* **PROBLEM DETAILS**:
Set down, unchanged, the line holding "3 アリア、アリオーソとコラール 4 合唱 父なる神と御子と聖霊に 誉れあれ |" and all lines that follow it to the end of the material, leaving pictures out.

* **LISTED RECORDS**:
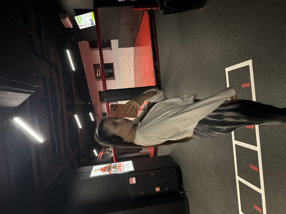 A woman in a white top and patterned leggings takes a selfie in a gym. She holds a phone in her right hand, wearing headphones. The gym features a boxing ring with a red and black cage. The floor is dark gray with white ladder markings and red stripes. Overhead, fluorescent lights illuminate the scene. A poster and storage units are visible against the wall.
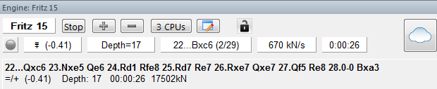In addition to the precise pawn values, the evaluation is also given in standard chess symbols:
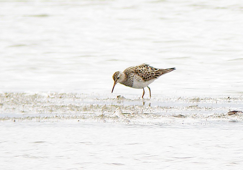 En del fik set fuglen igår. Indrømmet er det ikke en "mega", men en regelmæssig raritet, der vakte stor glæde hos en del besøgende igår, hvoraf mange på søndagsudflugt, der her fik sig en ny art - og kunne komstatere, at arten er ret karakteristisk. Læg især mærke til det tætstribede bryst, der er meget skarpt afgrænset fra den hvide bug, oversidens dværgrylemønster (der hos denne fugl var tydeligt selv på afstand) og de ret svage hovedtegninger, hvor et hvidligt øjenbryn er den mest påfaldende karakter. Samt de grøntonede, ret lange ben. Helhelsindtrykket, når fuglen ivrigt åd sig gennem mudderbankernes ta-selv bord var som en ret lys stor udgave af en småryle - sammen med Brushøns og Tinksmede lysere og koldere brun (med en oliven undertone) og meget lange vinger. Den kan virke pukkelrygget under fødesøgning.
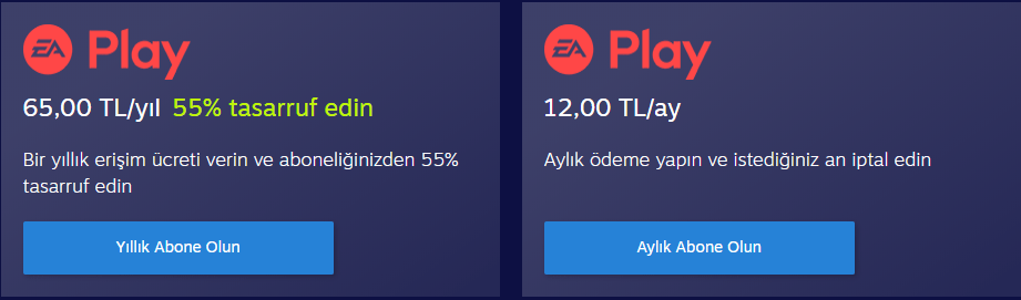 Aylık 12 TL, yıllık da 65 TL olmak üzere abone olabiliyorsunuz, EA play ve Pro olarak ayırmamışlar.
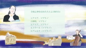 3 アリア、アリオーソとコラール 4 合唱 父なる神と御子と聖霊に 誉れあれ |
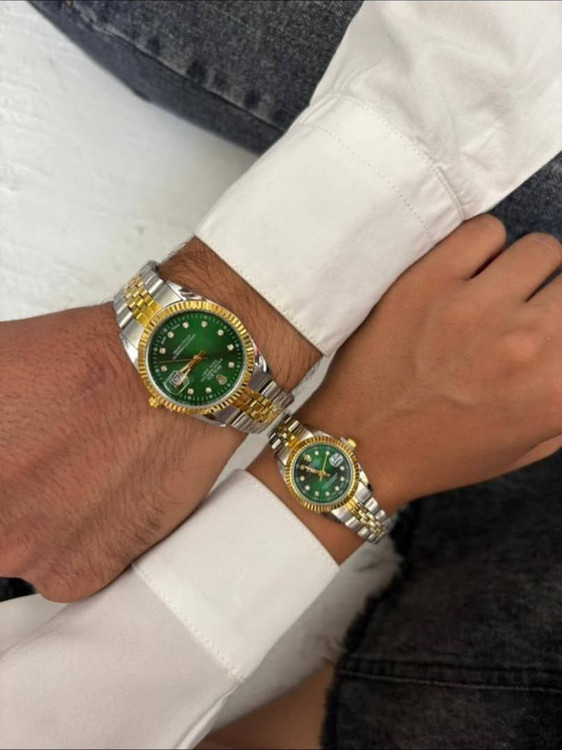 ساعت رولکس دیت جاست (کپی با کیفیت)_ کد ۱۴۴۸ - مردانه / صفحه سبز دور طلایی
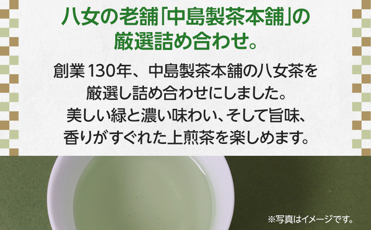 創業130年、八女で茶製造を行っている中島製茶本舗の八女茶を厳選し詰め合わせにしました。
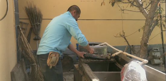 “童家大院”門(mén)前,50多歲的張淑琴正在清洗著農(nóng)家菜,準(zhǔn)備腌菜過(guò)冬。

* **SOLUTION TO THIS TASK**:
 3 アリア、アリオーソとコラール 4 合唱 父なる神と御子と聖霊に 誉れあれ |
 ساعت رولکس دیت جاست (کپی با کیفیت)_ کد ۱۴۴۸ - مردانه / صفحه سبز دور طلایی
 創業130年、八女で茶製造を行っている中島製茶本舗の八女茶を厳選し詰め合わせにしました。
 “童家大院”門(mén)前,50多歲的張淑琴正在清洗著農(nóng)家菜,準(zhǔn)備腌菜過(guò)冬。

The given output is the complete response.